FIG. 6 illustrates a fourth process 600 for predicting execution of an ECNB instruction. The fourth process 600 evaluates whether an ECNB instruction is repeatedly identified as having a relatively short or a relatively long period of processor cycles between identification of the same ECNB instruction. A relatively short period of processor cycles may be indicative that the ECNB instruction is located in a software loop. A relatively long period of processor cycles may be indicative that the ECNB instruction is located within an address range that may be executed primarily due to a called routine, such as when a user downloads a video for display. In such a case, an MPEG decoding routine, having an ECNB instruction, may be called.

At block 602, processor code execution is monitored for an ECNB instruction. At decision block 604, a determination is made whether an ECNB instruction has been detected, for example, during a pipeline decode stage, such as decode stage 231 of FIG. 2. If no ECNB instruction has been detected, the fourth process 600 returns to block 602. If an ECNB instruction has been detected, the fourth process 600 proceeds to decision block 606. At decision block 606, a determination is made whether this ECNB instruction has been identified before. If this is the first time this ECNB instruction has been identified, the fourth process 600 proceeds to block 608. At block 608, the address of this ECNB instruction is recorded. At block 610, a “hit” counter is initiated to, for example, a count of one.
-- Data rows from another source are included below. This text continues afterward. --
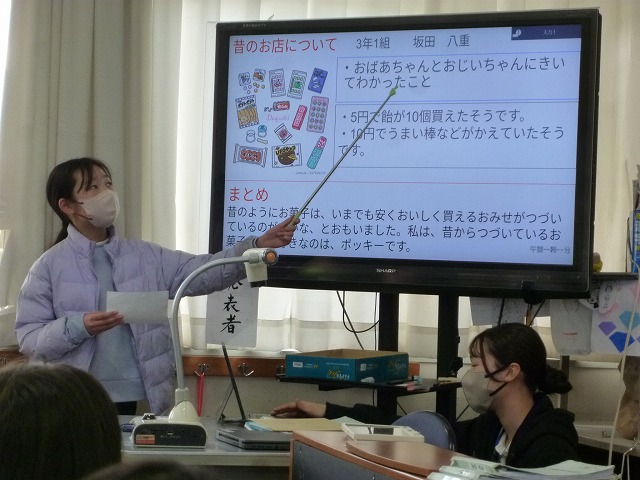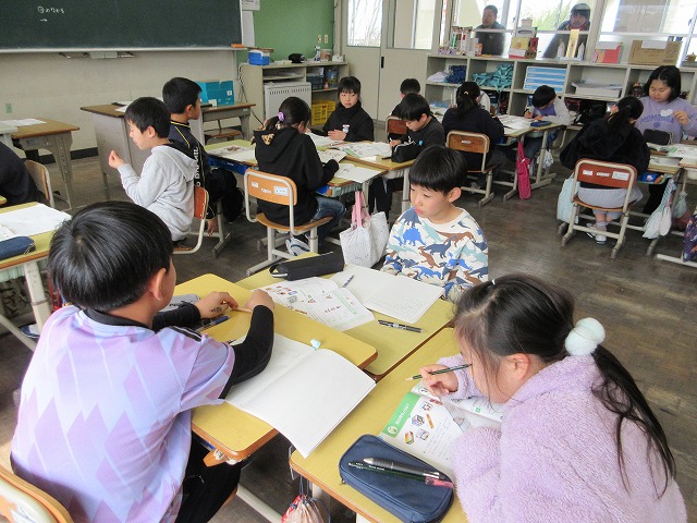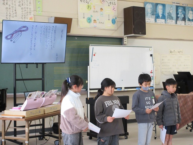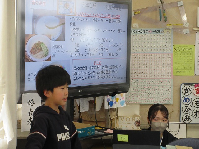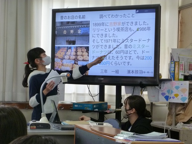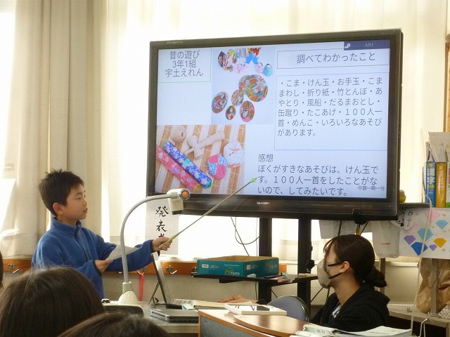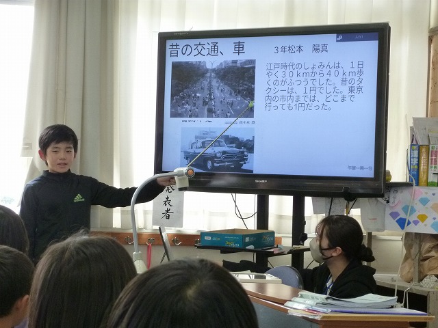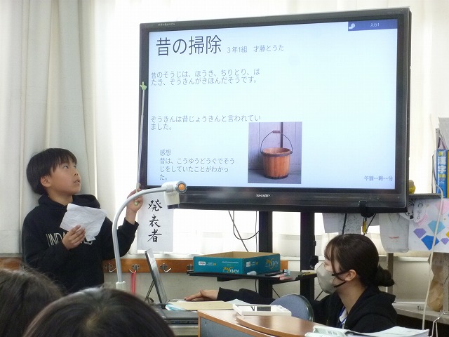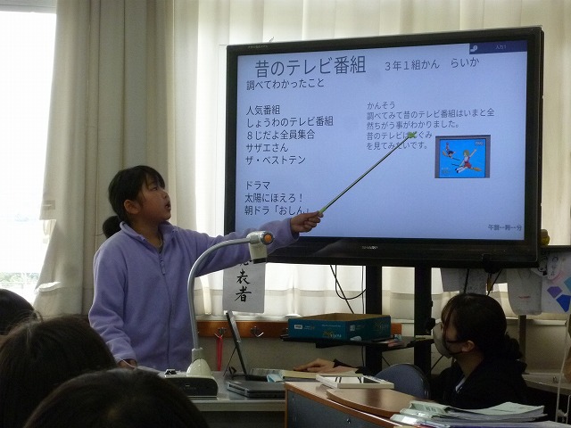 2月19日(木)、3・4年生が、今年度最後の授業参観・学級部会を行いました。3年生は、総合的な学習「昔のくらし物語」でグループごとにテーマを決めて調べたことを発表しました。4年生は、1組が「ミニミニ学習発表会」、2組が算数「箱の形の特ちょうを調べよう」の学習を行いました。たくさんのご参観ありがとうございました!
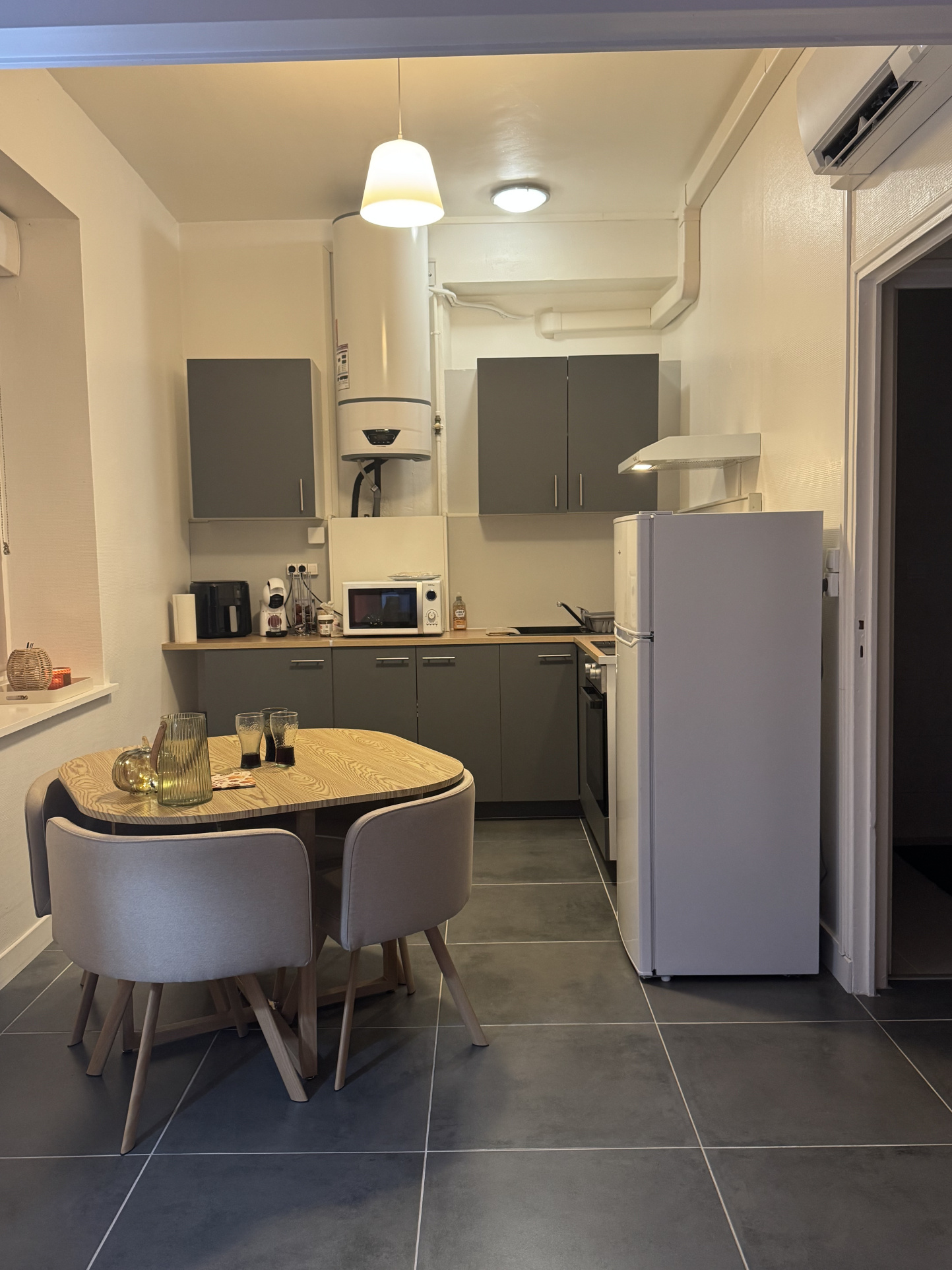 Dans petit immeuble de 4 appartements, F2 entièrement rénové en rez-de-chaussée avec cuisine équipée comprenant : entrée, cuisine ouverte sur séjour (mobilier, plaque de cuisson gaz, hotte et four), séjour, chambre, salle d'eau (douche), toilettes séparés. Chauffage par pompe à chaleur et chauffe-eau thermodynamique. Stationnement dans cour privée. Disponible aux alentours du 20/11/2025.
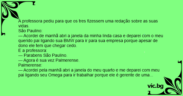 — Acordei de manhã abri a janela da minha linda casa e deparei com o meu querido pai ligando sua BMW para ir para sua empresa porque apesar de dono ele tem que chegar cedo.

At block 612, an elapsed cycle counter is started to count the number of elapsed cycles between encounters of this ECNB instruction. It is noted that the number of cycles counted may have to be filtered to account for interrupt routines and direct memory access operations to the extent that the cycles associated with these other operations affects the accuracy of the count for its intended purpose. At block 614, this ECNB instruction is executed and an execution status counter is updated. The fourth process 600 then returns to block 602.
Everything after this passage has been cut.